Tried with conditions below.

 *Backed out previous patch and apply the latest patch at D40045
  ATM I've subscribed there.

 *Updated to commit bee3d4bf8ed55260d8cfc6d168ffa1afb49ef6a8

 *Updated installed ports to latest state.

So it's not a pure comparison.


Proceeding the same tests as previous report, this time,

 *kern.sced.pick_short=1 seems to be slightly better than =0.
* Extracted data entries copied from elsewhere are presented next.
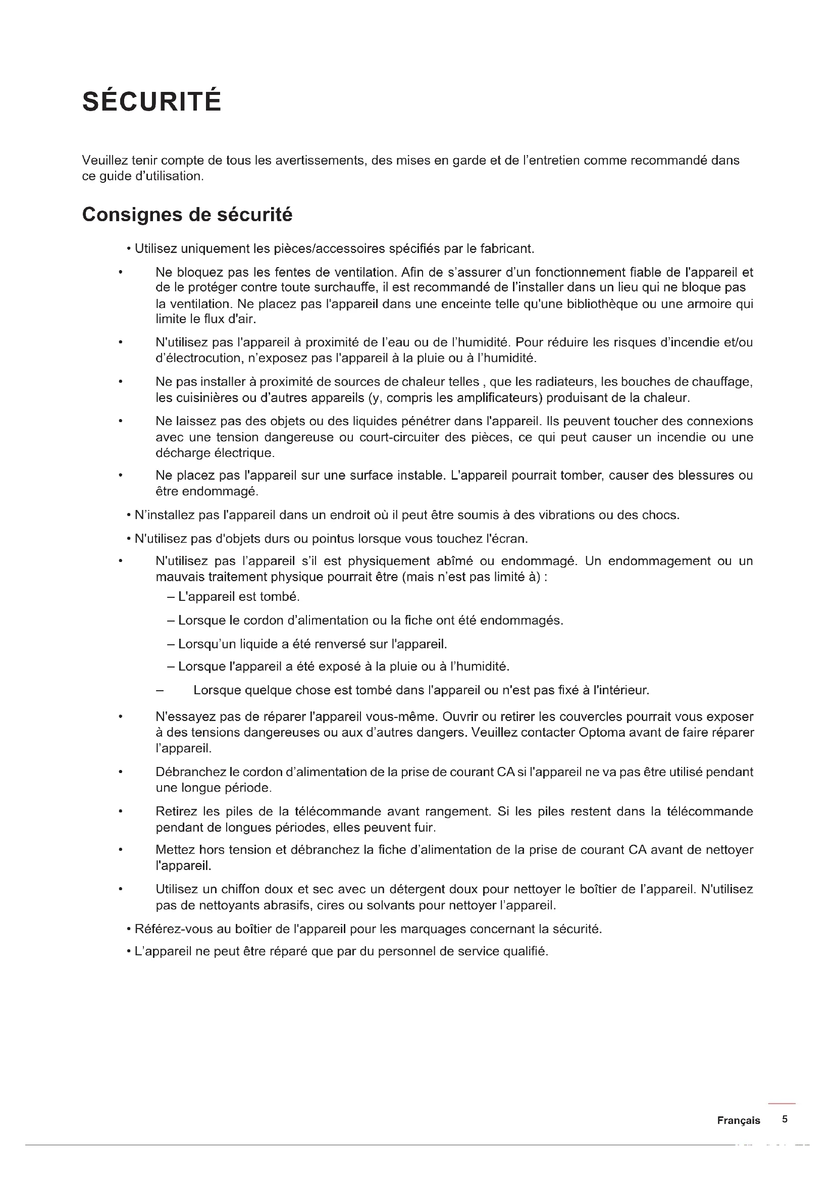 - N'essayez pas de réparer l'appareil vous-même. Ouvrir ou retirer les couvercles pourrait vous exposer à des tensions dangereuses ou aux d’autres dangers. Veuillez contacter Optoma avant de faire réparer l’appareil.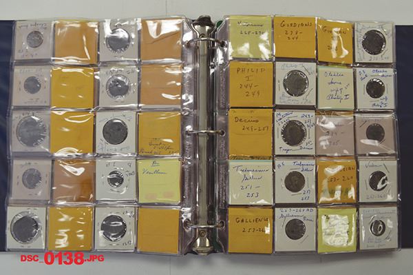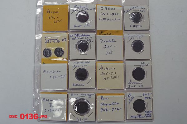 Ancients. A selection of everything. Many of the Roman Emperors are represented with a copper, although some are lacking. Some early Byzantine coppers also included. All identified to ruler. Some have verdigris issues. Most are Good to Very Good, but identifiable. Four museum reproductions also included. A binder with just over 125 pieces.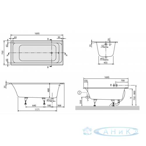 Ванна Ravak Villeroy & Boch Architectura 170x75. В комплект не входят ножки.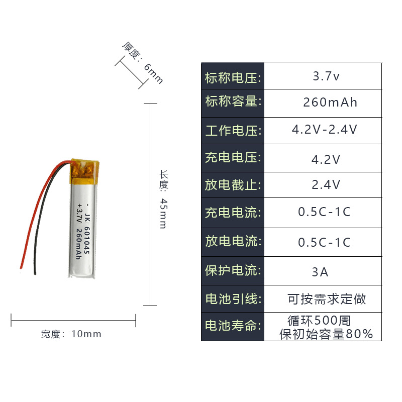 601040 폴리머 리튬 배터리 200mAhLED 자외선 충전식 배터리 살균 램프 손실 방지 장치 전기
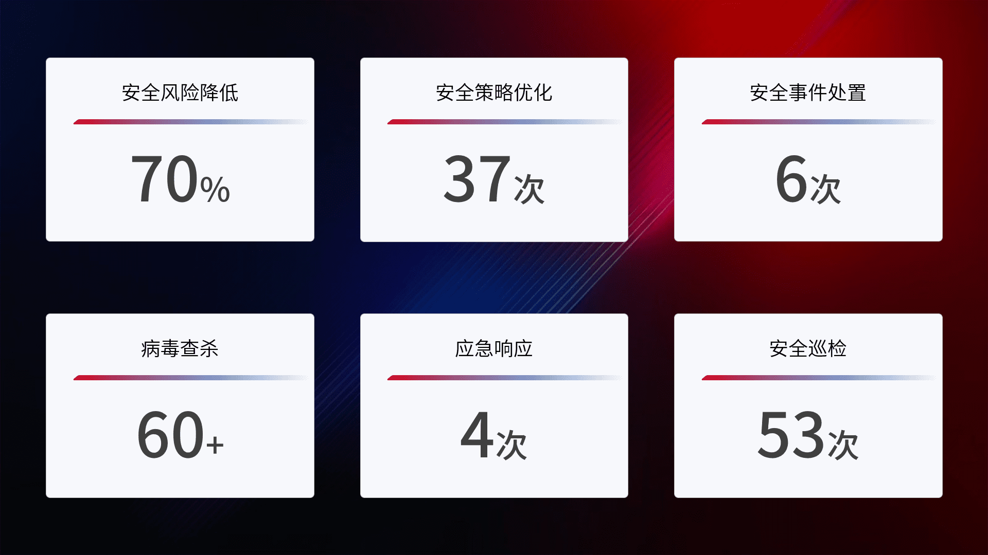 提供全面的安全事件报告体系,,,包括处置报告、、周报、、季度和年度总结,,,结合持续监控,,,帮助客户深入了解网络安全状况。。。。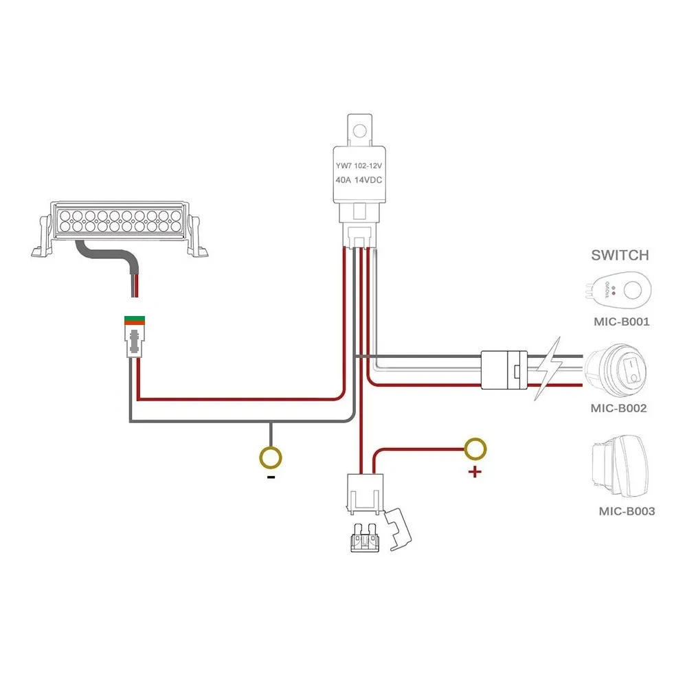 14AWG DTP Connector Wiring Harness Kit LED Light Bar 9-32V On Off Switch Power Relay Blade Fuse for Off Road Laser Driving Light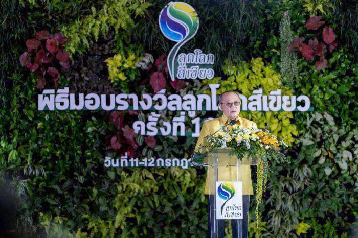 “นับตั้งแต่ปี 2542 ที่ได้มีการจัดพิธีมอบ “รางวัลลูกโลกสีเขียว” ขึ้น เพื่อยกย่อง เชิดชู บุคคล ชุมชน เยาวชน และสื่อมวลชน ผู้มีจิตสาธารณะในการร่วมอนุรักษ์ทรัพยากรของประเทศ ทั้ง ดิน น้ำ ป่า และสิ่งแวดล้อม จนเกิดผลสำเร็จอย่างประจักษ์ ล้วนเป็นสิ่งที่ยืนยันได้ดีว่า เราทุกคนตระหนักอยู่เสมอ ถึงหน้าที่ในฐานะสมาชิกของโลก ที่ต้องการร่วมประคับประคอง แก้ปัญหา ฟื้นฟู และรักษาทรัพยากรของโลก เพื่อดำรงไว้ซึ่งความหลากหลายทางชีวภาพอย่างยั่งยืน อันจะดำรงประโยชน์ต่อชีวิตของคนและชุมชนอย่างแท้จริง เป็น “พลังเปลี่ยนโลก” สำคัญ ที่จะขับเคลื่อนประเทศไทย ให้กลับมีความสมบูรณ์ เป็นอู่ข้าว อู่น้ำ ของพี่น้องไทย สร้างชุมชนและประเทศไทย ให้มีความผาสุก ด้วยวิถีชีวิตพอเพียง บนฐานทรัพยากรที่ทุกคนต่างตระหนักถึงคุณค่า รู้ใช้ รู้รักษา เปลี่ยนตนเอง เพื่ออนาคตทรัพยากรที่สมบูรณ์ต่อไป”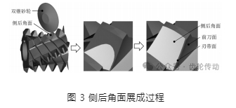 雙錐產形輪對每一個刀齒逐個磨削加工,磨削完成一個刀齒后,進行下一個刀齒的磨削加工,所有的側后角面構成不連續的分段曲面。在磨削側后角面的過程中,砂輪錐面沿刀齒的刃帶線移動,對刃帶線上的各點進行連續的磨削加工,整個加工過程是一種變傳動比的磨削過程,如圖 3 所示。從磨削過程中可看出,隨著砂輪錐面沿刃帶線運動,側后角面的范圍逐漸擴大,運動結束以后獲得刀齒的側后角面。對于每個刀齒的一側后角面,砂輪沿刃帶線運動,即可磨削出側后角面,該方法能夠保證側后角角度和刃帶面的寬度。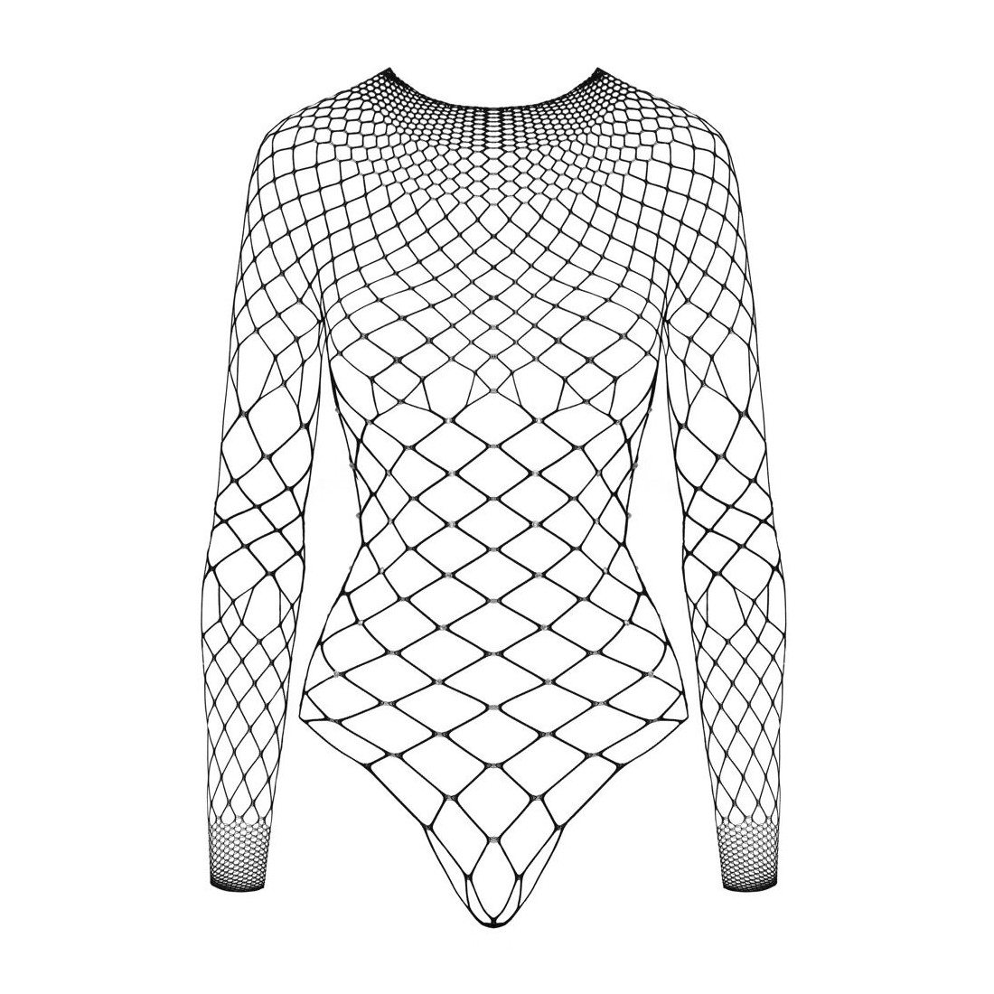 Body nero a maniche lunghe di Cottelli FANTASY con diverse strutture a rete rivelatrici. Con strass su tutto il centro. In stile Rio, con alti tagli sulle gambe che mettono perfettamente in mostra il sedere e le gambe. Meravigliosamente morbido e altamente elasticizzato per il massimo comfort.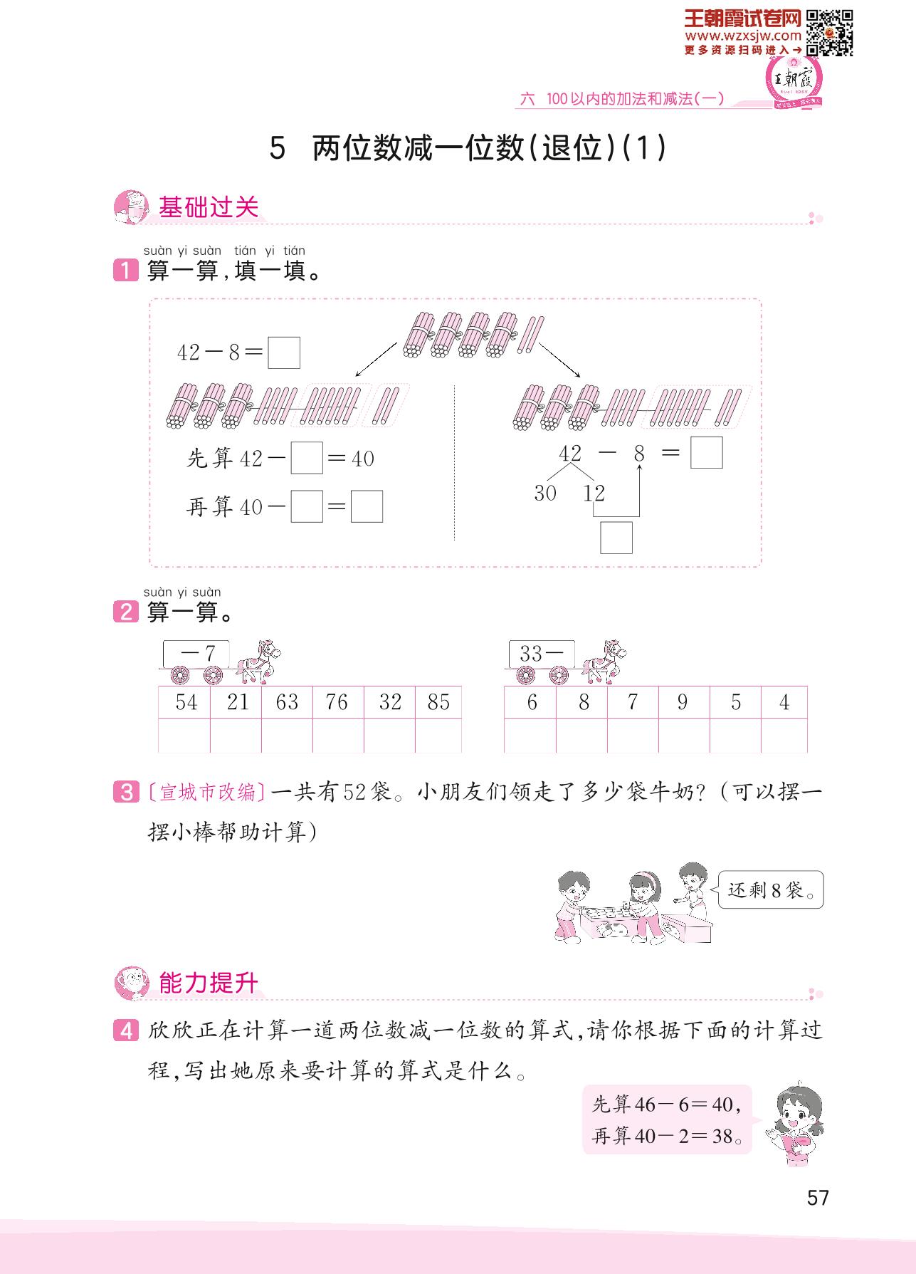 2023下册一年级数学人教版 六 100以内的加法和减法(一)——5 两位数减一位数(退位)(1)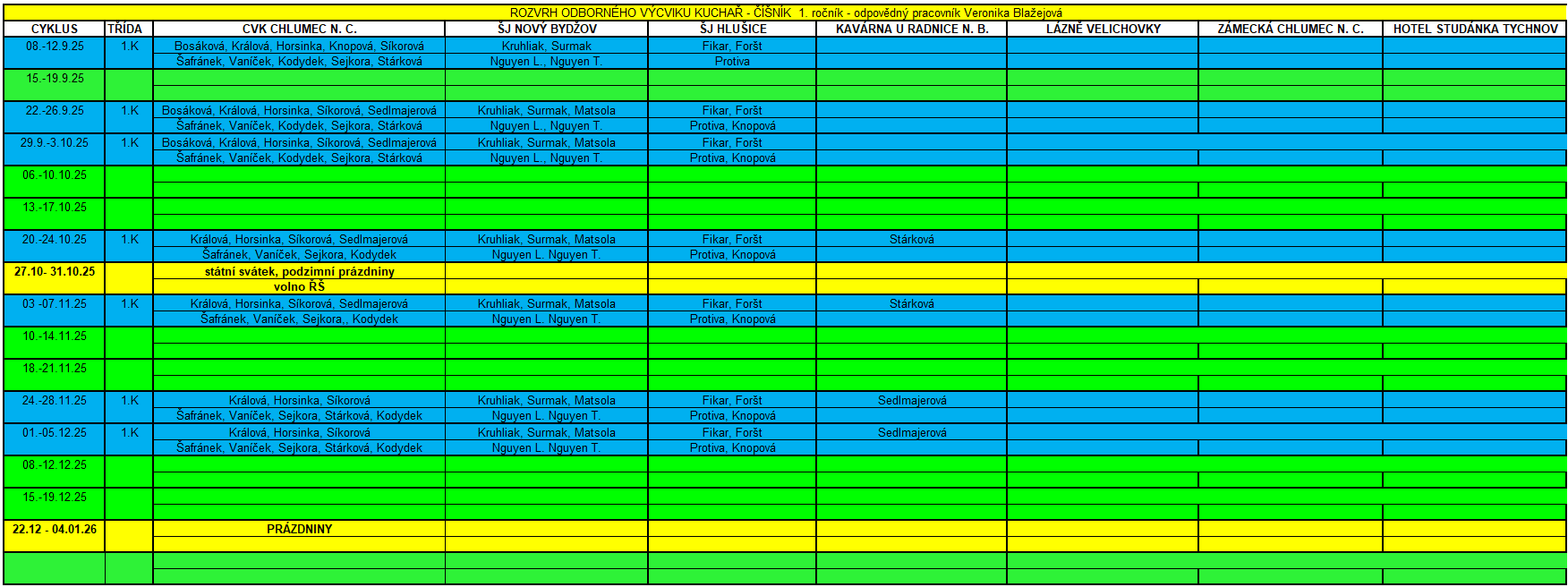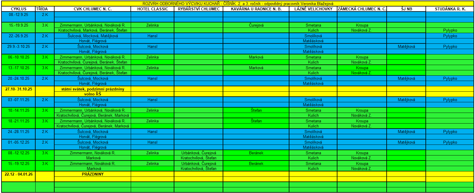 2. a 3. ročník Kuchař - číšník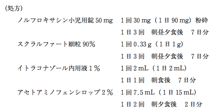 3歳男児。急性白血病で化学療法を施行中であるが、感染症治療のため、以下の処方せんが発行された。

 *The larger kern.sched.preempt_thresh is, the smoothe the user
  experience is. Default with this patch (224) would be the lowest.
  Tested values are the same as my previous tests.
  21, 80, 121, 224 and 400.

 *sysctl kern.sched.preempt_bottom no longer exists in the patch,
  thus untested.
  But I feel the previous patch with kern.sched.preempt_bottom=0
  was smoother.

BTW, I've tried several videos and noticed that any video playing
drums, taken from upside or backside are good to determine
delays/hiccups on video. So I've used the youtube video [1] after 3:37.
Any others would be OK, but easier to detect with faster BPM, looking
into movements of sticks.

[1] https://www.youtube.com/watch?v=HmOlZ4zjOhQ


-- 
Tomoaki AOKI    <junchoon@dec.sakura.ne.jp>